A Visual Analytics Design for Connecting Healthcare Team Communication to Patient Outcomes
Hsiao-Ying Lu, Yiran Li, Kwan-Liu Ma
TL;DR
This work frames healthcare team communication as time-evolving bipartite networks derived from EHR access logs and introduces EHRFlow, a visual analytics system to connect network structure and dynamics to patient outcomes. It combines a flexible network-measure space with an MLP-based optimization to derive an interpretable communication-effectiveness metric and uses network perturbation to identify influential HCPs and notes. For efficiency, it analyzes latency and frequency along time-respecting paths and visualizes information flow at global and local scales.

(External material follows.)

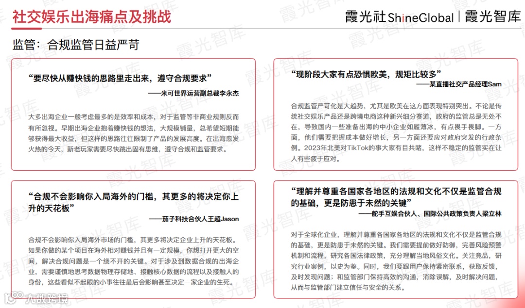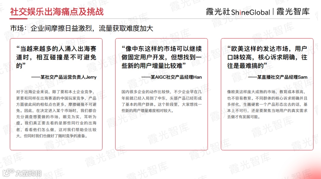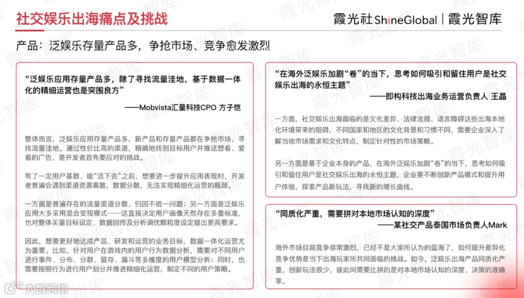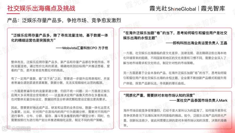 如果您正在了解社交娱乐出海的市场情况和趋势、机会,请前往霞光智库公众号回复“社交研报2024”,即可获取《2024年社交娱乐出海发展趋势洞察报告》。

Through case studies on cancer patient data and expert feedback, the approach demonstrates how targeted communication patterns and note dissemination can potentially improve patient survival and offers a generalizable framework for analyzing teamwork in complex, time-sensitive environments.
Abstract
Communication among healthcare professionals (HCPs) is crucial for the quality of patient treatment. Surrounding each patient's treatment, communication among HCPs can be examined as temporal networks, constructed from Electronic Health Record (EHR) access logs. This paper introduces a visual analytics system designed to study the effectiveness and efficiency of temporal communication networks mediated by the EHR system. We present a method that associates network measures with patient survival outcomes and devises effectiveness metrics based on these associations. To analyze communication efficiency, we extract the latencies and frequencies of EHR accesses. Our visual analytics system is designed to assist in inspecting and understanding the composed communication effectiveness metrics and to enable the exploration of communication efficiency by encoding latencies and frequencies in an information flow diagram. We demonstrate and evaluate our system through multiple case studies and an expert review.